Measuring wi-fi calling latency

TL;DR: 300-450 ms latency, of which I think ~150 ms comes from Republic. Send comments to my G+ post.


I’ve been a customer of Republic Wireless for about 2 weeks now. I have terrible cell reception at home, so one of the attractions of their service was transparent wi-fi vs. cell calling. I expected that the voice quality would be much better over wi-fi than cell. Indeed it is, but what I hadn’t anticipated was high latency. From my very first call, the lag was very noticeable. Like a bad overseas call, the other party and I on the call talked over each other and had awkward pauses. Switching to cell (which happily Republic lets you toggle manually mid-call) the lag nearly vanished, but audio quality plummeted.

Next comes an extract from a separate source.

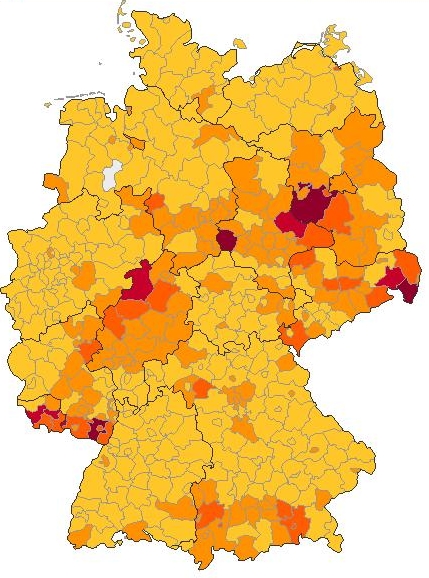 Der Name Paul tritt in Deutschland sehr häufig auf, wie man auf der Kartierung erkennen kann.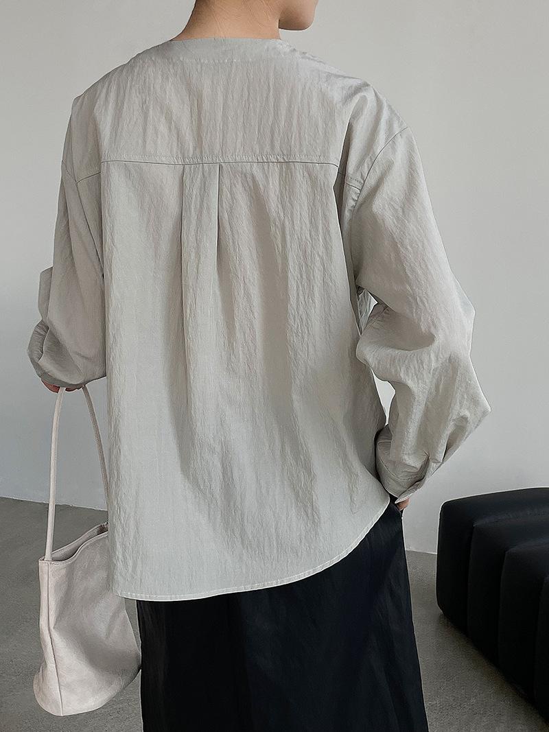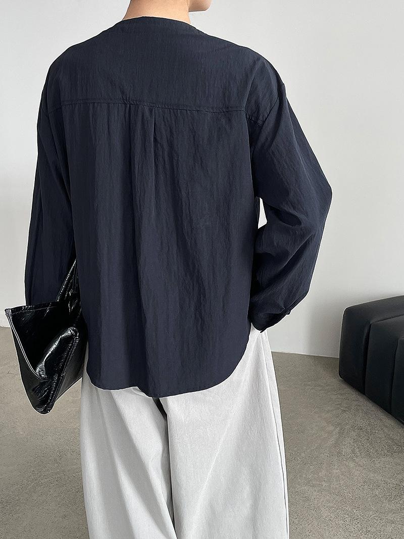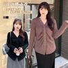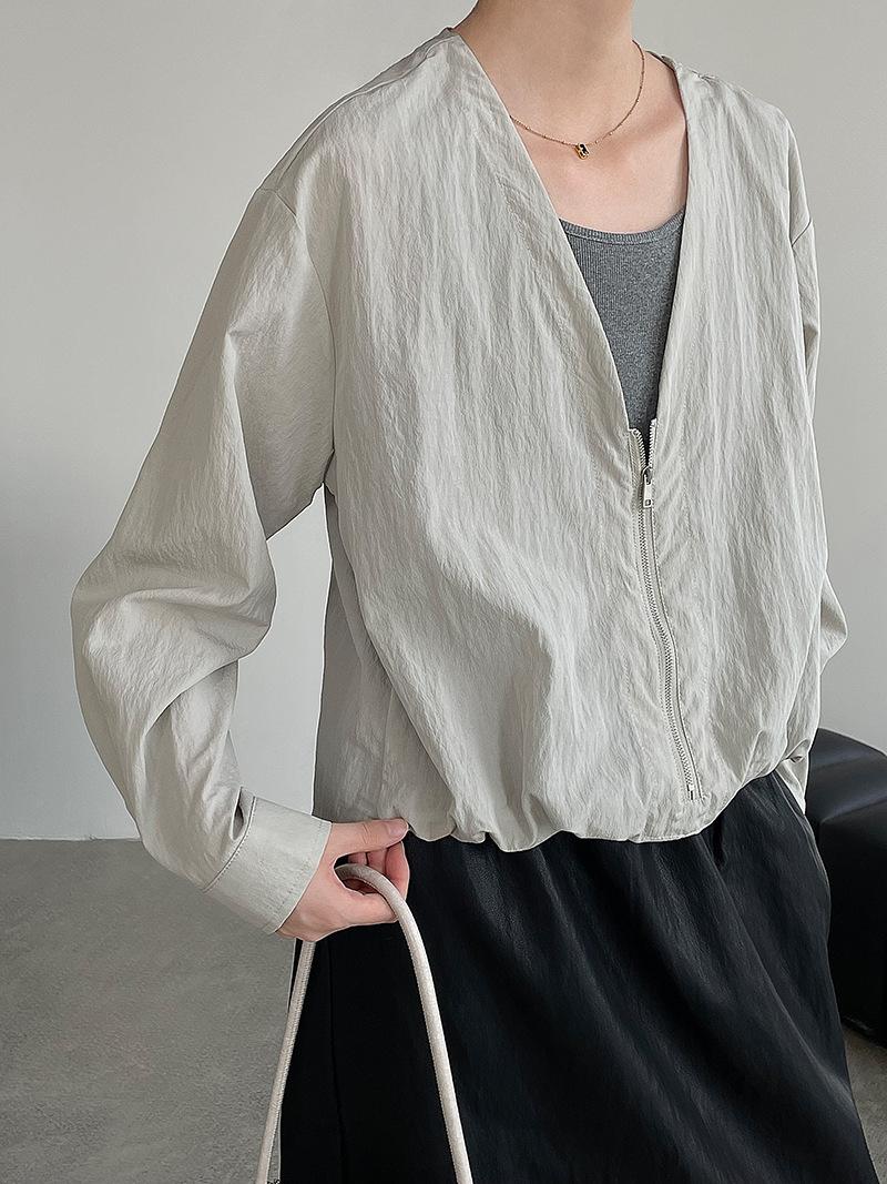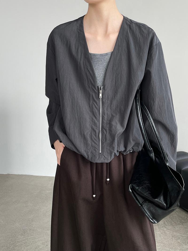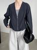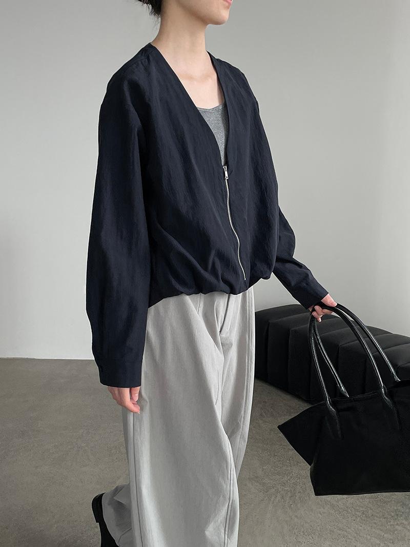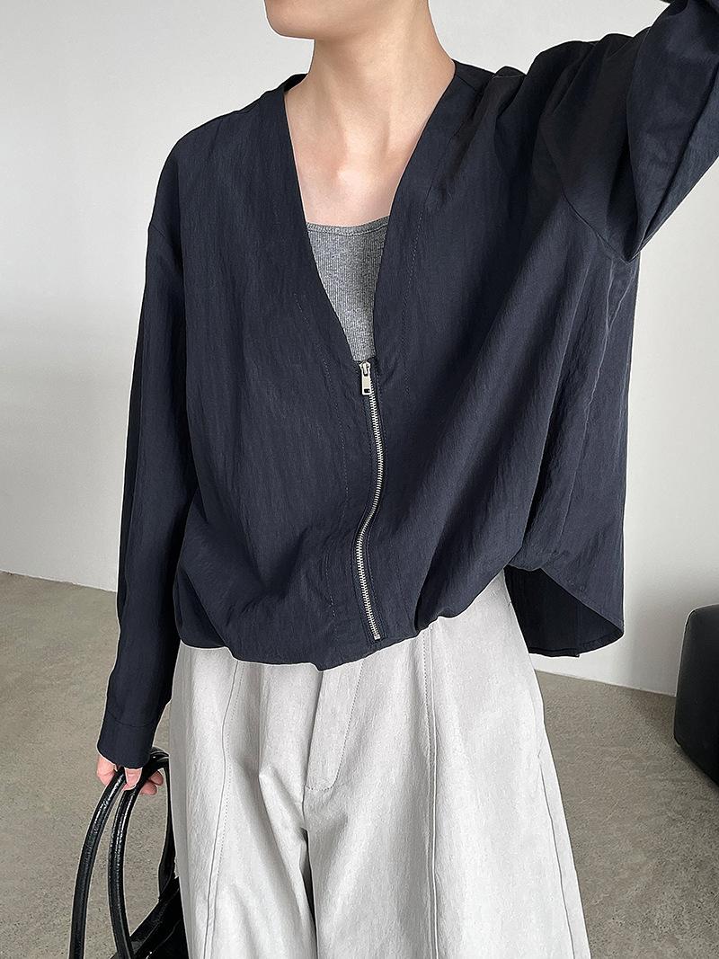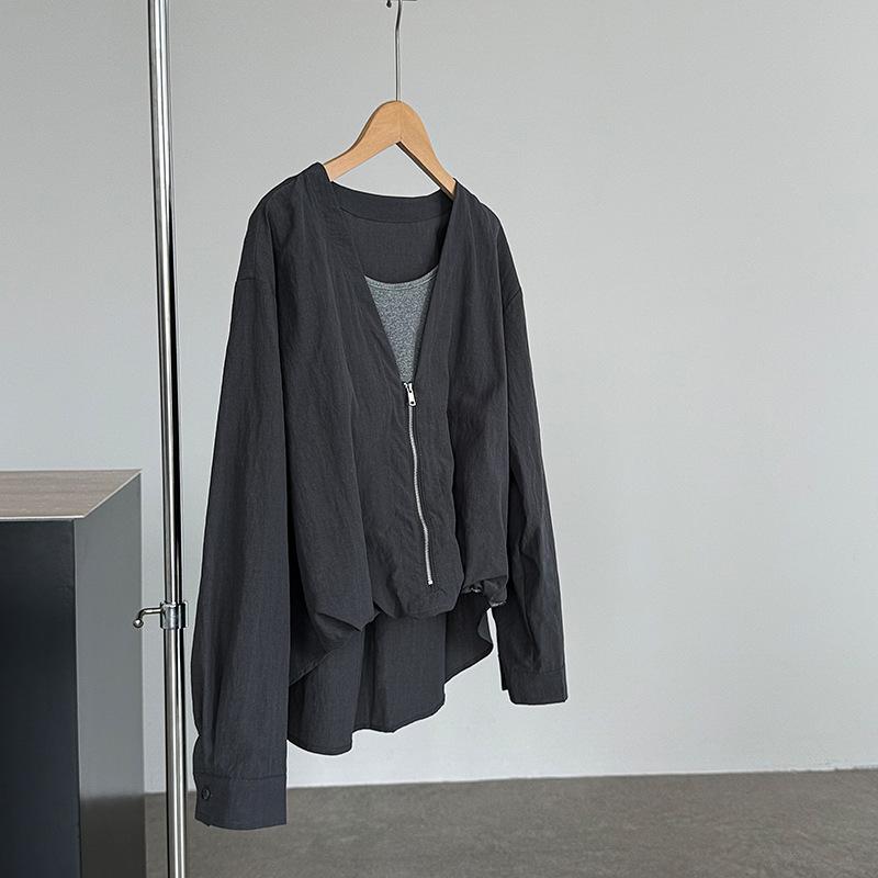 Taochuan Camisa coreana de estilo falso de dos piezas con cuello en V y bloques de color con cremallera para mujer 25 otoño nicho sentido de alta gama top 2807

But how bad is the lag? I needed to quantify it. To do so, I made a recording of me calling my other line.

Experiment steps:

  • Wait until night when nobody else in the house is using my LAN (verify low traffic)
  • Call from my landline to my cell phone, with landline on speakerphone
  • Check the cell to be sure the call is using wi-fi and not cell
  • Start recording audio on desktop computer
  • Put landline handset speaker against computer microphone, speak into cell phone
  • Put cell phone speaker against computer microphone, speak into landline
  • Hang up, stop recording
That resulted in a 30-second audio clip. Listen to the raw data yourself: m4a, mp3

Then I dragged the m4a recording into Sony Sound Forge Pro (yes, I’m shilling for my employer just a tiny bit). I isolated several segments of audio where I could hear myself talking and then hear the result from a handset a fraction of a second later. To measure the latency, I simply highlighted from start to start of the same syllable and looked at the selection duration.

Here’s a screenshot showing Sound Forge with a span selected from the beginning of me saying “Test” to the beginning that “Test” coming out of the handset’s speaker. Note the “00:00:00.453” duration of the selection. Sound Forge screenshot analyzing the phone recording The final result is that the lag from cell to landline is about 300 ms. The lag from landline to cell is about 450 ms. So a conversational round trip totals to a minimum of 750 ms.

Republic’s wiki recommends using a ping/jitter test to validate your WAN connection. I ran this one: speed test, which requires Java. That report says I have 3.8 Mbps down, 545 kbps up, 96 ms RTT, 66 ms max delay, 0.1 ms jitter, 0% packet loss, and MOS of 4.2 (nearly “toll quality”). That is to say, my network appears to be capable of much better results than I’m achieving.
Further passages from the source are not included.